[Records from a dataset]
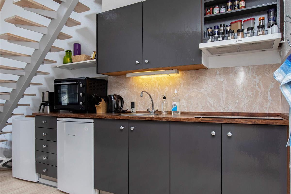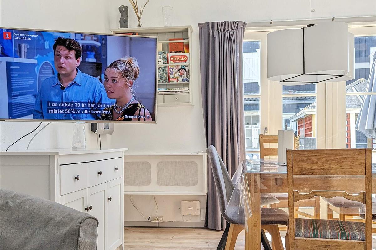 Das Ferienhaus ist zweckmäßig eingerichtet und hat einen Küchen-/Wohnbereich. In der Küche gibt es Herdplatten, Mini-Ofen und Kühlschrank mit Gefrierfach sowie einen kleineren 70l Gefrierschrank mit drei Fächern. Wohnzimmer mit Stereoanlage und TV mit dänischen und einigen deutschen Sendern zur Auswahl. Im Parterre befindet sich zudem ein Schlafzimmer mit zwei Einzelbetten. Die beiden anderen Schlafzimmer sind im 1. Stock untergebracht.
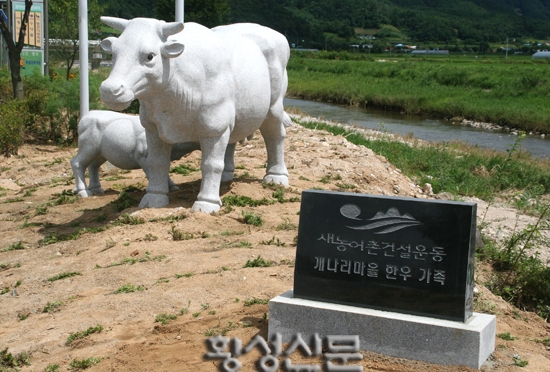 |  | | | ⓒ 횡성신문 | | 횡성읍에서 횡성댐 방향으로 가다보면 대관대천 옆에 새로 조형된 어미암소와 송아지가 대관대리 마을(이장 김학종)을 알리기라도 하는 듯 지나는 이를 반긴다.
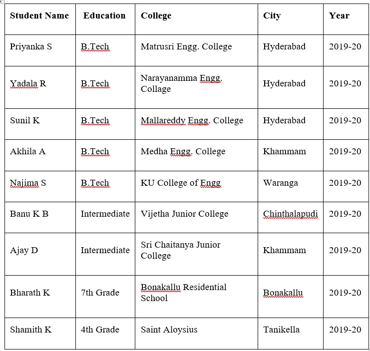As part of its mission to empower underprivileged yet deserving students, Suvidha International Foundation awarded financial scholarships to 11 students pursuing education at various academic levels, including high school, intermediate (junior college), and engineering programs. The scholarship amounts ranged from $100 to $1000. Each scholarship was tailored to meet the specific educational needs and financial circumstances of the student.
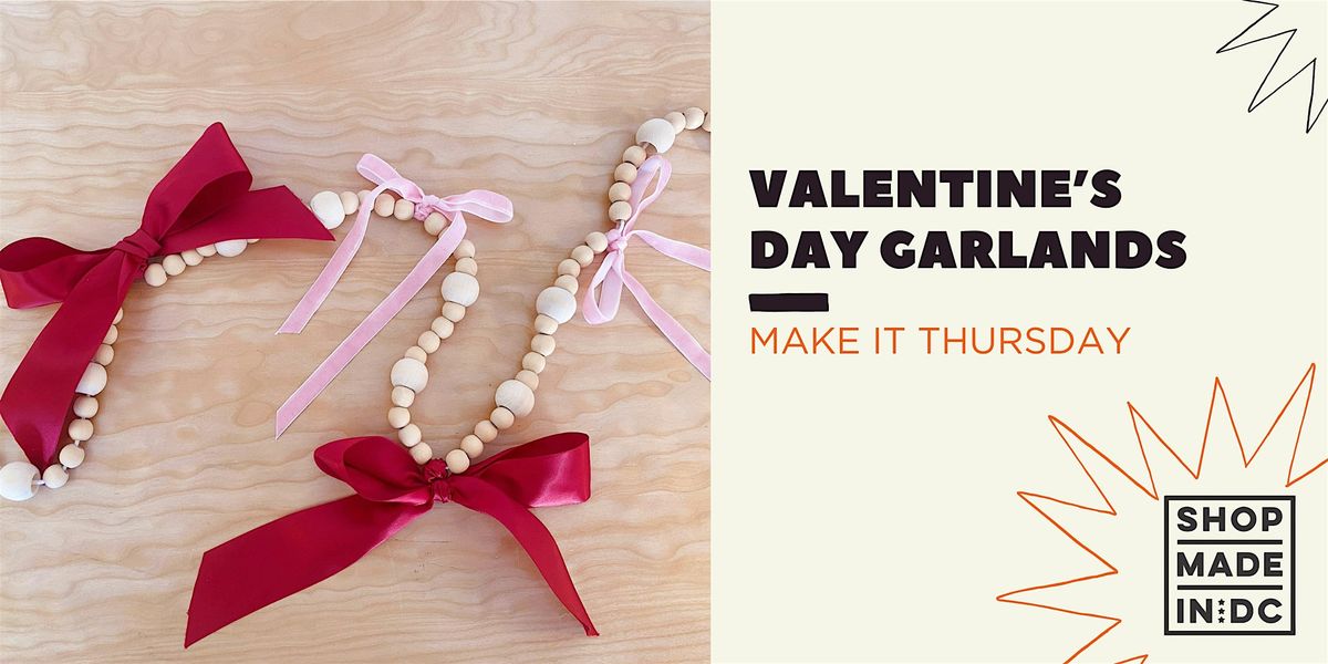 Bring some whimsy to Valentine's this year! We're making our own red & pink bow garlands to celebrate the season of love. Each guest will make a garland with assorted wooden beads and create red and pink bows. All materials included - join us to exercise some creativity and leave with your own red & pink garland.
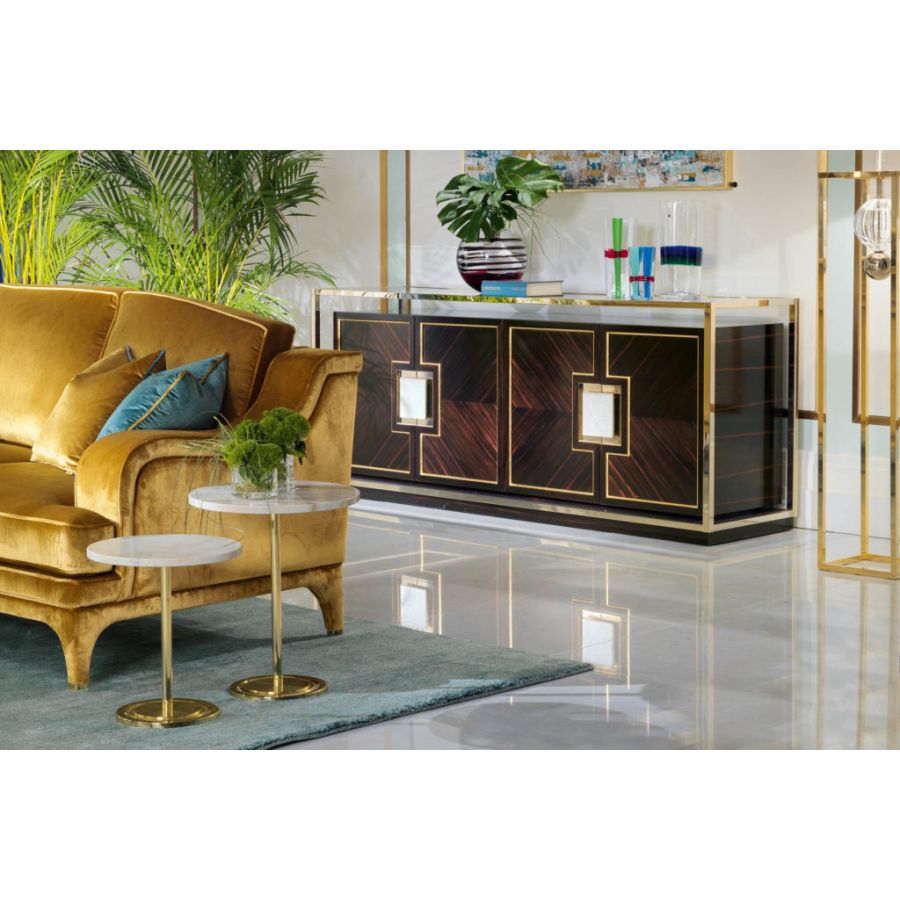 Set of coffee tables in contemporary style. Simple in shape but extremely sophisticated in their composition, T155 are a pair of coffee tables with marble tops. The brass foot is covered in gold, so as to give shine and richness to the entire environment. Their simple but exclusive design allows them to coexist in harmony with different styles.
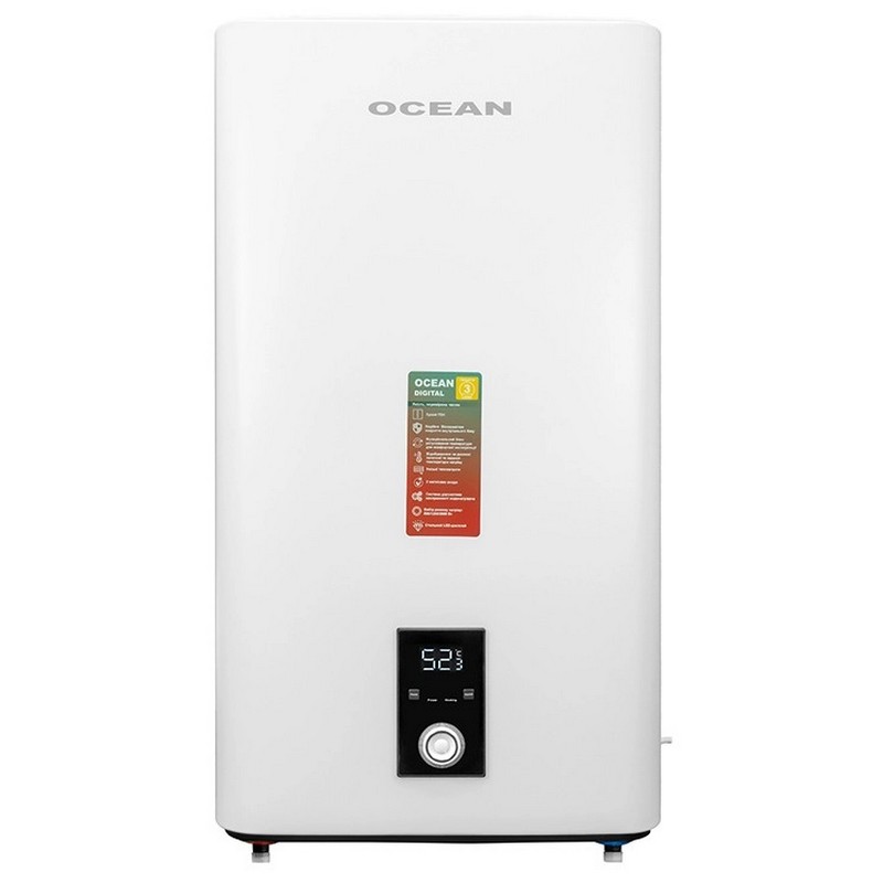 Ocean FLAT RZBF50E-2 ET+DT — це високотехнологічний бойлер, що відповідає сучасним вимогам до енергоефективності та комфорту. Літери ET+DT у назві вказують на наявність електронного термостата (ET) та добового таймера (DT).
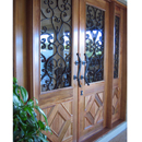These entry doors were a very challenging job, but also an enjoyable one. The angle details in the bottom section proved difficult but the end result was very satisfying to both us and our customer. The wrought iron inserts were specially designed and combined with the handle provided a very unique and stunning feature to the home. The doors have been finished in a 2 pack lacquer specially designed for exterior use.
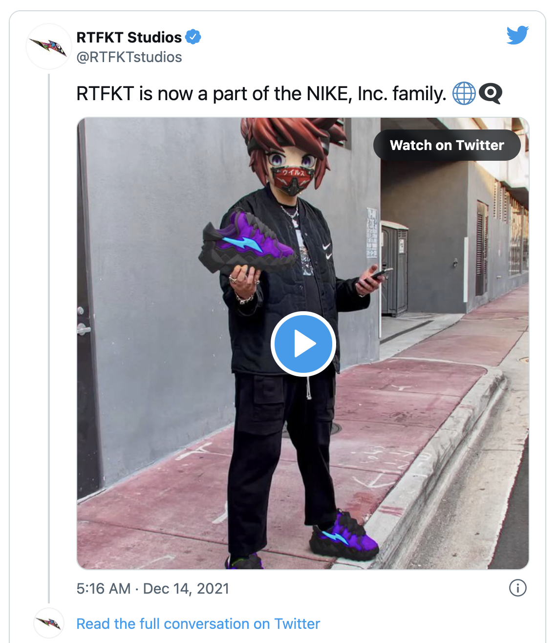 然而,新的 RTFKT 收購證實了耐克對深入研究元宇宙生態系統的興趣:

### TASK DIRECTIONS
Extract all the entries word for word; omit any pictures.

### ANSWER BOX
 Das Ferienhaus ist zweckmäßig eingerichtet und hat einen Küchen-/Wohnbereich. In der Küche gibt es Herdplatten, Mini-Ofen und Kühlschrank mit Gefrierfach sowie einen kleineren 70l Gefrierschrank mit drei Fächern. Wohnzimmer mit Stereoanlage und TV mit dänischen und einigen deutschen Sendern zur Auswahl. Im Parterre befindet sich zudem ein Schlafzimmer mit zwei Einzelbetten. Die beiden anderen Schlafzimmer sind im 1. Stock untergebracht.
 |  | | | ⓒ 횡성신문 | | 횡성읍에서 횡성댐 방향으로 가다보면 대관대천 옆에 새로 조형된 어미암소와 송아지가 대관대리 마을(이장 김학종)을 알리기라도 하는 듯 지나는 이를 반긴다.
As part of its mission to empower underprivileged yet deserving students, Suvidha International Foundation awarded financial scholarships to 11 students pursuing education at various academic levels, including high school, intermediate (junior college), and engineering programs. The scholarship amounts ranged from $100 to $1000. Each scholarship was tailored to meet the specific educational needs and financial circumstances of the student.
 Bring some whimsy to Valentine's this year! We're making our own red & pink bow garlands to celebrate the season of love. Each guest will make a garland with assorted wooden beads and create red and pink bows. All materials included - join us to exercise some creativity and leave with your own red & pink garland.
 Set of coffee tables in contemporary style. Simple in shape but extremely sophisticated in their composition, T155 are a pair of coffee tables with marble tops. The brass foot is covered in gold, so as to give shine and richness to the entire environment. Their simple but exclusive design allows them to coexist in harmony with different styles.
 Ocean FLAT RZBF50E-2 ET+DT — це високотехнологічний бойлер, що відповідає сучасним вимогам до енергоефективності та комфорту. Літери ET+DT у назві вказують на наявність електронного термостата (ET) та добового таймера (DT).
These entry doors were a very challenging job, but also an enjoyable one. The angle details in the bottom section proved difficult but the end result was very satisfying to both us and our customer. The wrought iron inserts were specially designed and combined with the handle provided a very unique and stunning feature to the home. The doors have been finished in a 2 pack lacquer specially designed for exterior use.
 然而,新的 RTFKT 收購證實了耐克對深入研究元宇宙生態系統的興趣:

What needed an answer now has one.